Here's a printout snippet. Notice that the first batch of tiles(numbering the same same as thread count) are not executed in order but do so for the rest of the frame.
Also lowering the amount of threads produces less incomplete tiles as well.
 1
 2
 3
 4
 5
 6
 7
 8
 9
10
11
12
13
14
15
16
17
18
19
20
21
22
23
24
25
Begin work
Thread 0 doing tile 0
Thread 4 doing tile 3
Thread 1 doing tile 1
Thread 7 doing tile 5
Wait for work
Thread 6 doing tile 6
Thread 3 doing tile 2
Thread 2 doing tile 4
Thread 5 started
Thread 5 doing tile 7
Thread 5 doing tile 8
Thread 1 doing tile 9
Thread 0 doing tile 10
Thread 2 doing tile 11
Thread 3 doing tile 12
Thread 4 doing tile 13
Thread 0 doing tile 14
Thread 6 doing tile 15
Thread 5 doing tile 16
Thread 7 doing tile 17
Thread 4 doing tile 18
Thread 1 doing tile 19
Thread 2 doing tile 20
...

Edited by Andreas on
I'm not sure this is the source of the issue, but I think this could lead to some extra work / synchronization or even an out of bounds array access:

1
2
3
4
5
while (true)
	{
		if (queue->nextTile < queue->numTilesTotal)
		{
			u32 indexTile = SyncedGetAndAdd(&queue->nextTile, 1); <== no guarantee queue->nextTile will have the same value as above


I would rephrase it like this:

1
2
3
4
5
6
while (true)
	{
		u32 indexTile = SyncedGetAndAdd(&queue->nextTile, 1);
		if (indexTile < queue->numTilesTotal)
		{
			// do work
@marcc: That's makes sense. I did have some random crashes before so perhaps that was it. Unfortunately it didn't fix the current issue.

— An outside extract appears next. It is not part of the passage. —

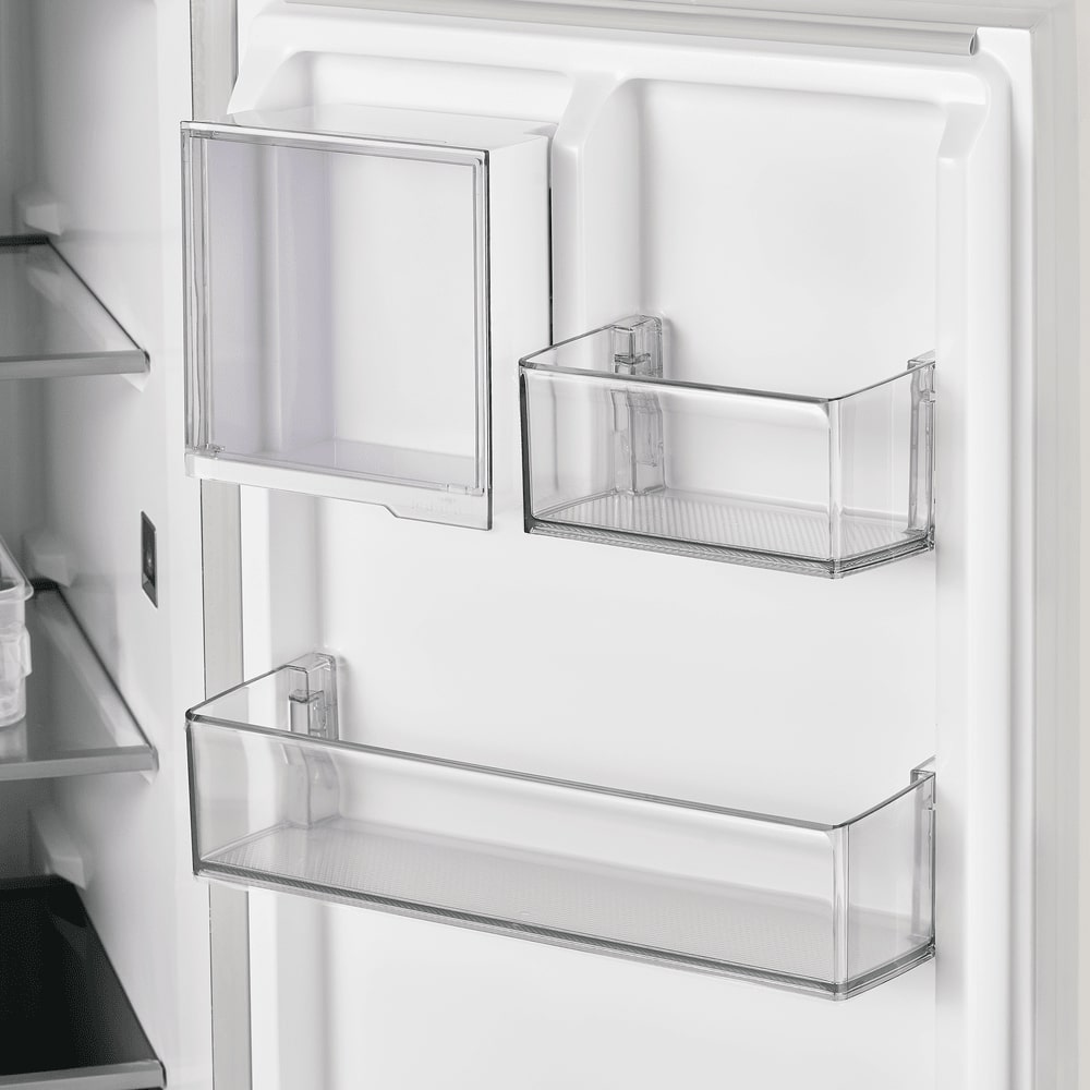 Практические детали облегчают эксплуатацию: светодиодная подсветка даёт отличный обзор, электронная индикация и звуковой сигнал при открытой двери предупреждают о теплопотере, а защита от детей блокирует изменения настроек. В сравнении с традиционными моделями данный прибор выгодно отличается сочетанием большого объёма, тихой работы, практичной организацией зон хранения. Уход будет простым благодаря No Frost. Всё это делает холодильник удачным выбором для тех, кто ценит комфорт и энергоэффективность.

Just noticed a thing. Currently the rendering only gets triggered when the camera is moving. While moving I get the artifacts but when it stops the last frame appears as it should. Printout shows the same order of execution.

Could this be an X11 issue? I'm updating the frame like this. The image buffer is created as shown in this post.
 1
 2
 3
 4
 5
 6
 7
 8
 9
10
11
12
while (run)
{
    if () // Time to update
    {
        if (CameraControls(viewP, inputP))
        {
            RenderTiles(queueP);
				
            XShmPutImage(display, windowP->window, context, imageX, 0, 0, 0, 0, imageX->width, imageX->height, true);
        }
    }
}
This could be an issue if you're updating the image memory at the same time X11 reads it.

To be sure, you could copy the RenderTiles result to an intermediate buffer and then send that one to X11.
marcc
This could be an issue if you're updating the image memory at the same time X11 reads it.

To be sure, you could copy the RenderTiles result to an intermediate buffer and then send that one to X11.


That fixed the issue! Upon further inspection it appears that I've got bug in my frame timing. Will need to investigate.